Dataset items:
________________________

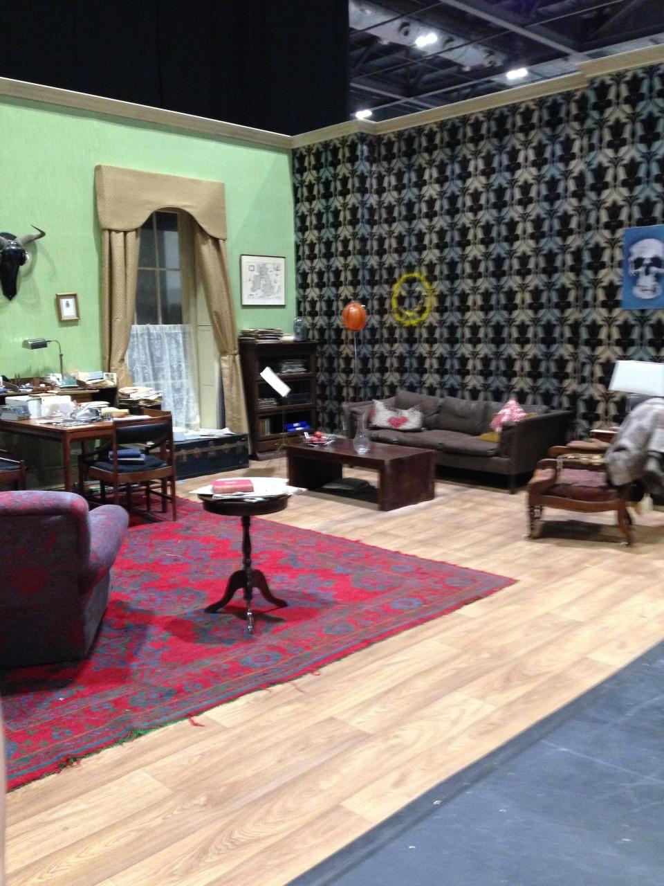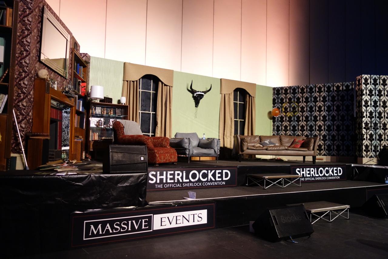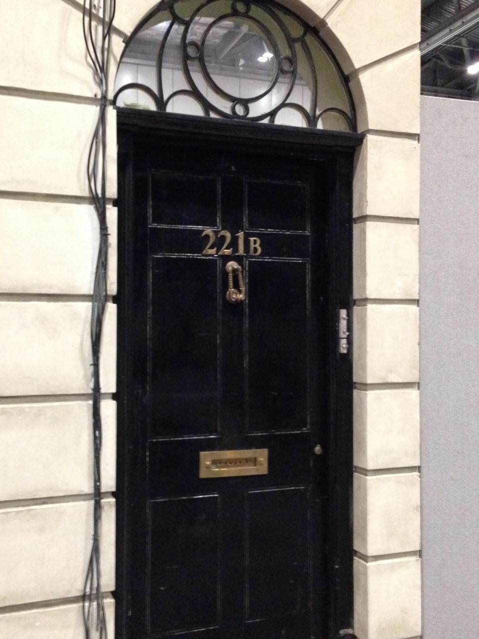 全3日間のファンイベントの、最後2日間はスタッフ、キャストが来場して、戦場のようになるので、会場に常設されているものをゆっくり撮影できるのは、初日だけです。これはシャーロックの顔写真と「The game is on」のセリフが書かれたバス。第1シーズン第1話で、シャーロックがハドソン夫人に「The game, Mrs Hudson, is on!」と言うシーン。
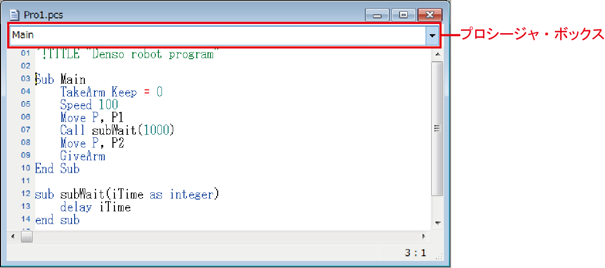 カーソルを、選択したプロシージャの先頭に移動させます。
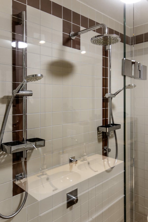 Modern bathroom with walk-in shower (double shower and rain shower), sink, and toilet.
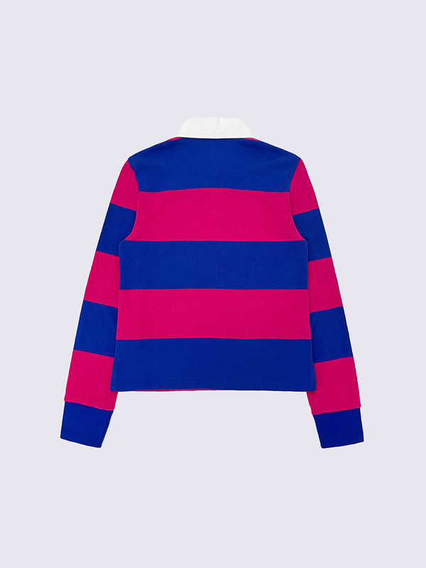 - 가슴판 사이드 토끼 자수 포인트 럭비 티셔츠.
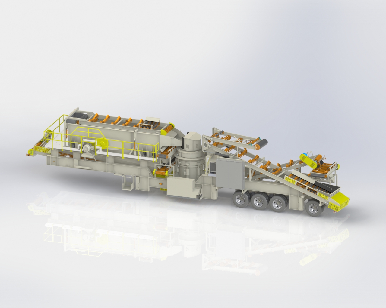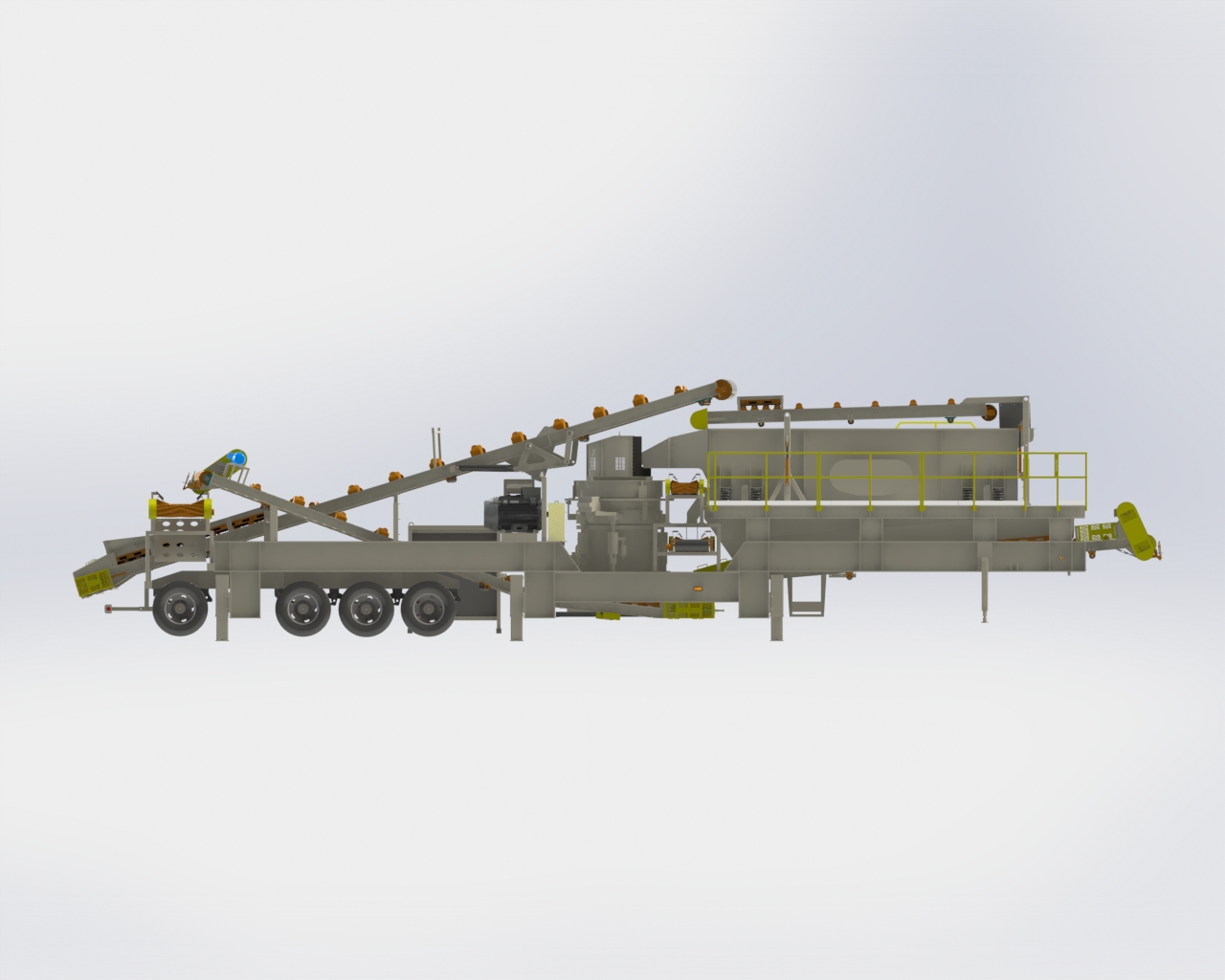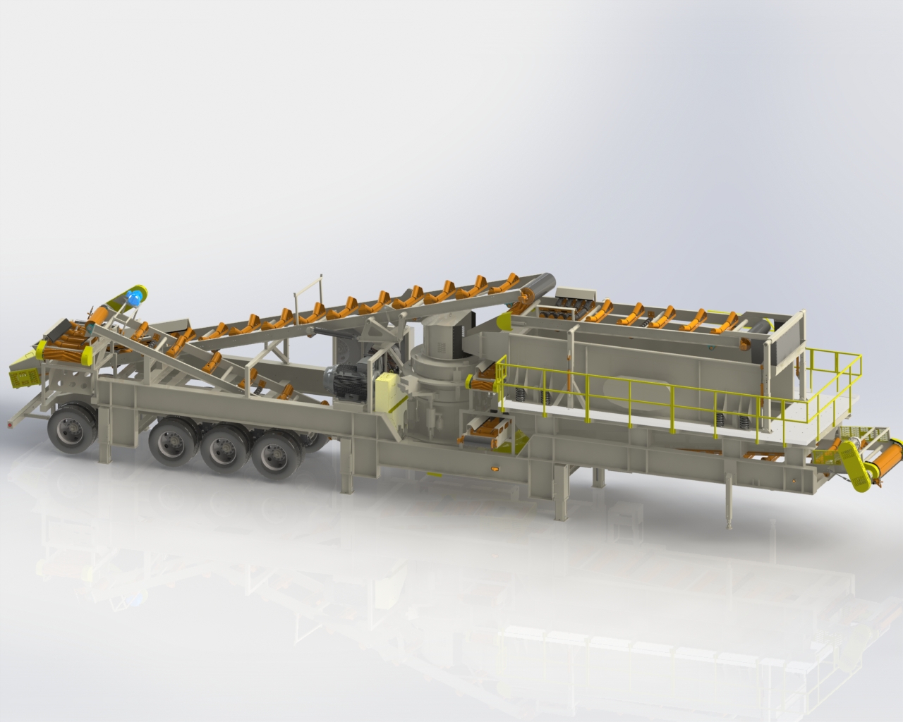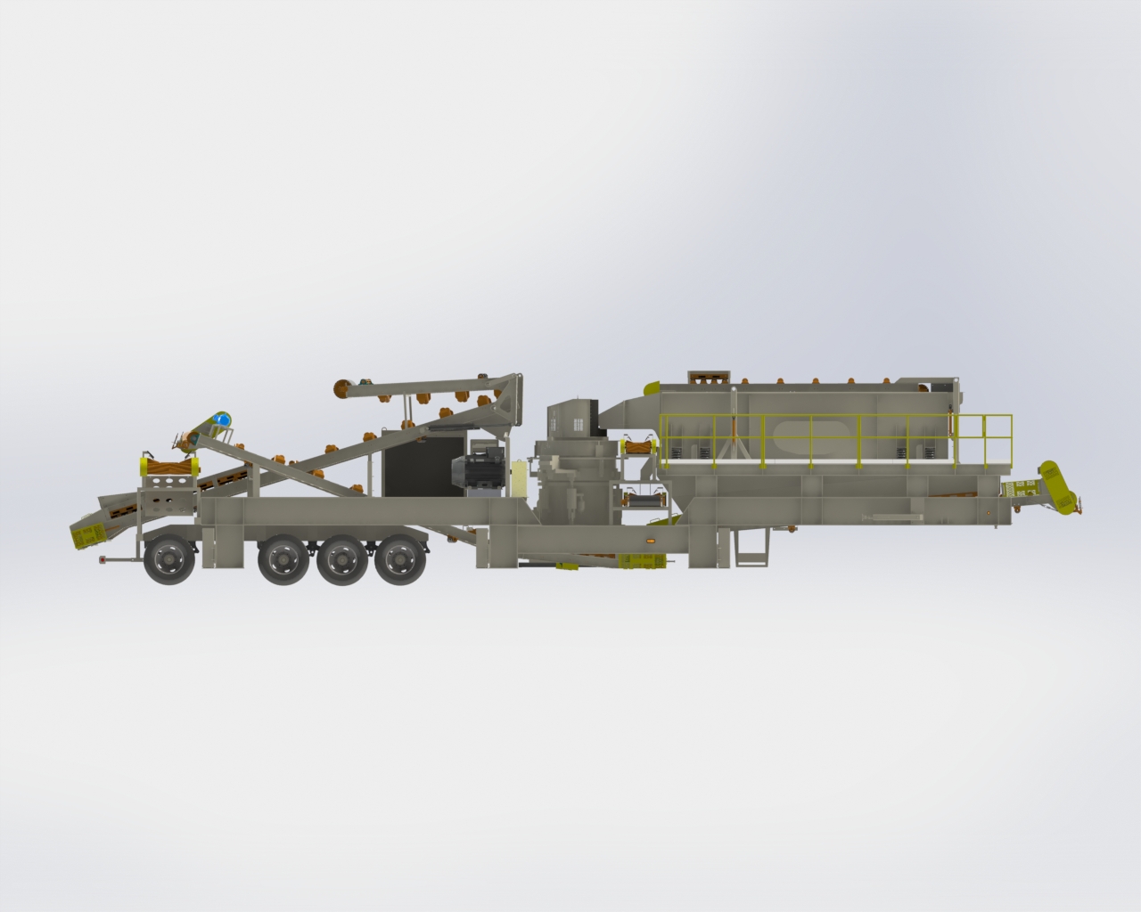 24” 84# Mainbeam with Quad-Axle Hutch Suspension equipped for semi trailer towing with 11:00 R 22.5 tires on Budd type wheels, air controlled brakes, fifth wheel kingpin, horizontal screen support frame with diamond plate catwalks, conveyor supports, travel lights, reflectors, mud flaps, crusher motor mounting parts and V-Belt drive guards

________________________

Action item: Give back, exactly and with nothing added, the lines from the line with "Modern bathroom with" through the final line of the data, both included; leave pictures out.

Reply:
 Modern bathroom with walk-in shower (double shower and rain shower), sink, and toilet.
 - 가슴판 사이드 토끼 자수 포인트 럭비 티셔츠.
 24” 84# Mainbeam with Quad-Axle Hutch Suspension equipped for semi trailer towing with 11:00 R 22.5 tires on Budd type wheels, air controlled brakes, fifth wheel kingpin, horizontal screen support frame with diamond plate catwalks, conveyor supports, travel lights, reflectors, mud flaps, crusher motor mounting parts and V-Belt drive guards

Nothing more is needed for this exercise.